Delivery Driver Performance Evaluation Framework
Company: Amazon
Role: Product Manager
Category: Product / Decision Making
Difficulty: hard
Interview Round: Technical Screen
##### Question
Amazon currently tracks only the number of packages delivered and total delivery time for each driver. Design a robust framework to evaluate delivery-driver performance.
Identify additional data you would collect (e.g., route characteristics, weather, traffic, package weight, customer feedback, vehicle type, stop density, promised delivery windows).
Explain why each data point matters and how you would gather it.
Propose quantitative metrics or a scoring model that fairly compares drivers who operate under different conditions.
Outline how you would surface insights to drivers and managers and iterate on the system over time.
##### Hints
Think about normalizing for factors outside the driver’s control—distance, urban vs. rural routes, real-time weather and traffic, peak season spikes.
Consider leading (process) and lagging (outcome) indicators: safety incidents, on-time rate, customer satisfaction, fuel efficiency.

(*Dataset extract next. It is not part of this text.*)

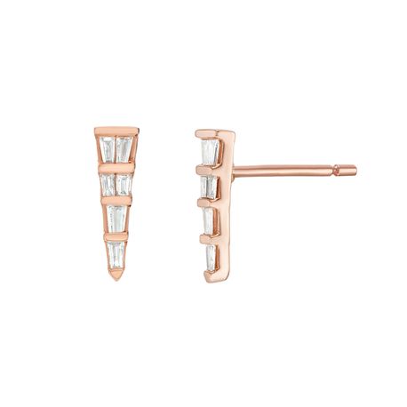 Gemminded Women's Rose Gold Triangle Stud Earrings with Diamonds

Discuss statistical or ML techniques (e.g., regression, clustering) to isolate driver impact from external noise.
Quick Answer: Practice designing a fair delivery-driver performance framework that goes beyond package count and total time. The solution covers route difficulty, weather, traffic, package attributes, vehicle data, safety gates, expected-versus-actual scoring, coaching dashboards, bias monitoring, and metric governance.